Day By Day Verdict For Futures

Daily Continuous

Last week showed some resilience as a higher high and higher lows printed. Go into some of the technical analysis in the Weekly area but suffice to say higher highs and higher lows are supportive to a positive trend movement. The next week or so will provide more information to digest. This can be indicative of a trend bias change –stay tuned.

Major Support:, $2.112, $2.026-2.00, $1.991, $1.93 ,$1.642, $1.605
Minor Support : $1.856,$1.89-$1.856
Major Resistance:$2.18, $2.25-$2.310, $2.39, $2.44-$$2.502, $2.618, $3.00, $3.16

Higher Highs and Higher Lows

Weekly Continuous

Twice last week prompt gas traded reversals to the upside when it appeared that post – Labor Day seasonal pressure was beginning to weigh on October, both times from a higher low ($2.075 on 9/3 and $2.117 on 9/5, prompting a couple of thoughts: 1) that seasonal pressure had been exhausted as expiring September fell to test and hold the calendar July low, and/or 2) that weakness was being aggressively bought. On Tuesday, after retreating from last Friday’s test of the August high, October reversed again, trading another “outside” day reversal from another higher low ($2.125 on 09/10). With volume increasing October traded through the August high and closed above it. After extending the rally to $2.407, the highest trade in more than two months, October reversed lower with the lowest volume of the week but still managed to close above the August high.

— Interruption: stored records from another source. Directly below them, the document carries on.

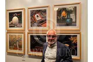 PACHUCA, HIDALGO,25AGOSTO2023.- El fotógrafo Adrián Mendieta durante la inauguración de su exposición “Iluminaciones” en el Museo de la Minería, anoche, como parte del 24 Encuentro Nacional de Fototecas. FOTO: ANA LUISA ANZA/CUARTOSCURO.COM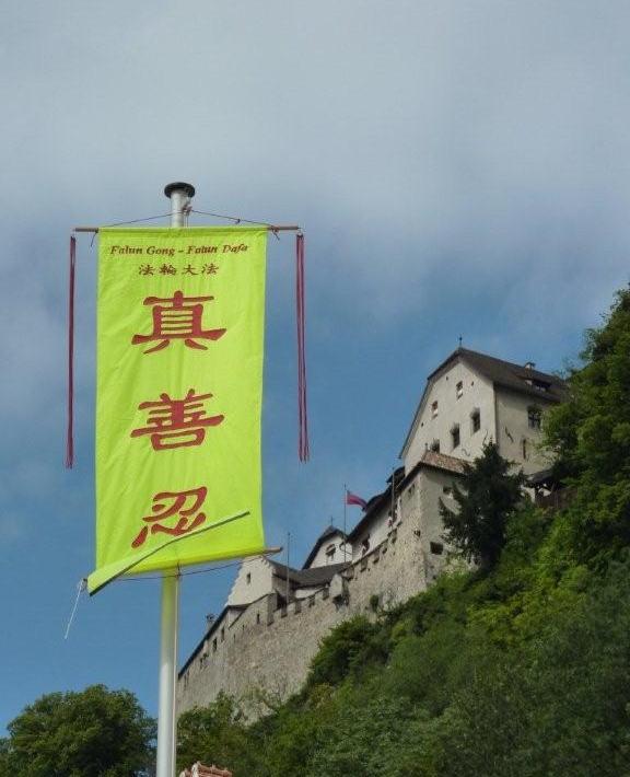 ![]() “法轮大法-真、善、忍”旗帜(背景为列支敦士登皇室住宅) |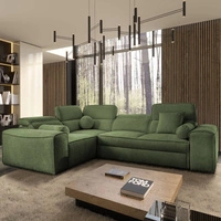 Rohová sedací souprava s funkcí spaní Tesalia III Lux zelená levá pohodlná rohová sedací souprava s výsuvnou podnožkou a posuvnou funkcí opěradla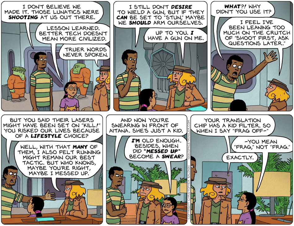 I’m just trying to imagine what a Zerhakker filter would sound like in Spacetrawler, and I get tangled up in the possibilities of an arcane filler word having a crucial and downright awful meaning in the local language that results in misunderstanding, crosstalk, bad feelings and thrown objects. The joke appeal is obvious, but I can see that arcane filler becoming the local synonym for ‘bad aliens’ or ‘unhygienic aliens’ or any of a dozen other bad traits you wouldn’t want to be known for.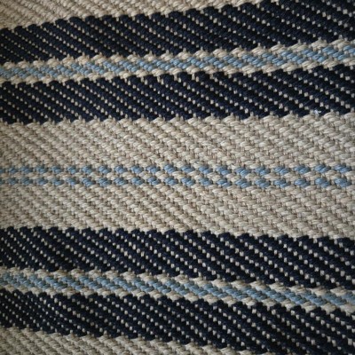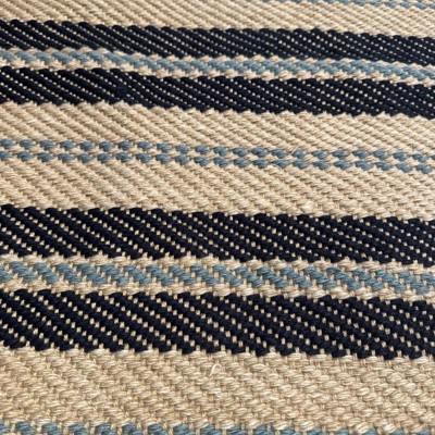 A: The rug features a striped twill design with blue stripes on a tan backdrop.
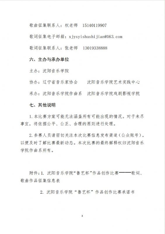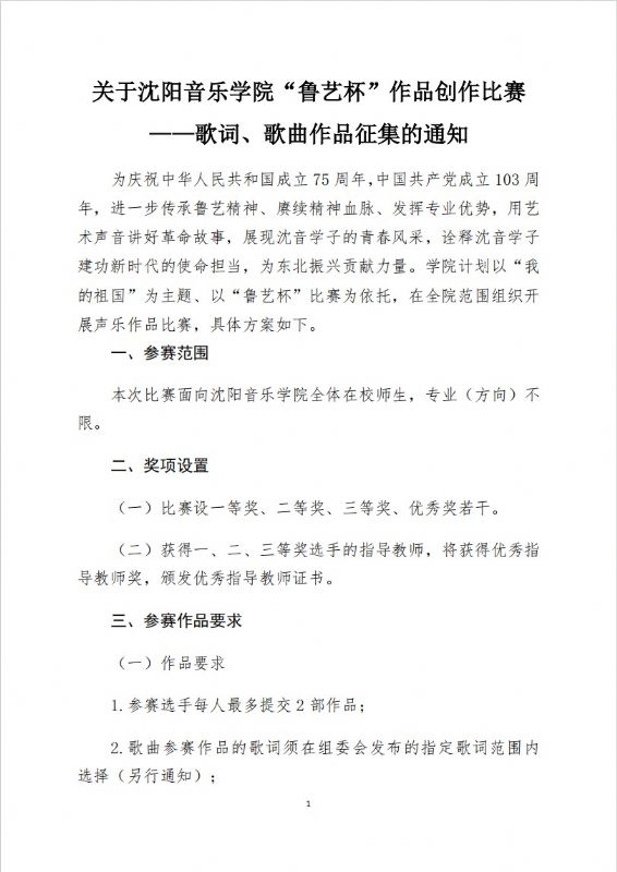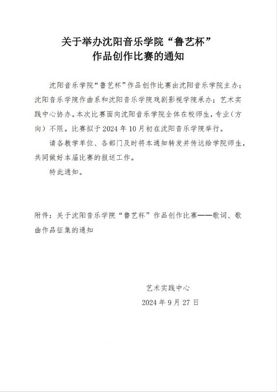 关于举办沈阳音乐学院“鲁艺杯”作品创作比赛的通知

A weekly close above the August high, the upper boundary of the trading range constructed since mid – July (resistance that limited rally attempts since then), becomes technical support, and goes a long way toward confirming that the twin calendar month lows traded at $1.856, was the traditional Q3 low.

While the gain for prompt gas appears to have resolved the continuation range to the upside, October was the only contract to post a positive close for the week. November, which failed almost exactly at its declining 50 – day SMA, finished just south of unchanged (-$.008) and the remaining months of the winter strip lost an average of $.074. The failure of deferred contracts to confirm strength in the nearby is possibly more characteristic of short covering (note that total open interest declined 21,500+ contracts). We will see if the rise in prompt and the decline in deferred contracts is indicative of unwinding previous positions.

The close above continuation resistance is a technical positive, but October’s failure to close above the almost always important 20 – week SMA (currently $2.353 and slowly rising) and the reversal from an approach to the upper boundary of a very well defined range on its own chart suggest that the burden of proof remains with the bulls. It is not suggested that end users chase the rally.

Major Support:, $2.112, $2.026-2.00, $1.991, $1.93 ,$1.642, $1.605
Minor Support : $1.856,$1.89-$1.856
Major Resistance:$2.18, $2.25-$2.310, $2.39, $2.44-$$2.502, $2.618, $3.00, $3.16

A Break Above Resistance

Daily Continuous

Didn’t see that coming this week- spoke about the YoYo in the market behavior but the string was snapped and price closed above the intermediate term resistance. Looking at the chart above, notice there was a similar breakout in both July and August only to give the gains immediately. Is this one different — tomorrow and Monday trade will define. Would not load up long quite yet but as the Weekly suggested the bias may be changing.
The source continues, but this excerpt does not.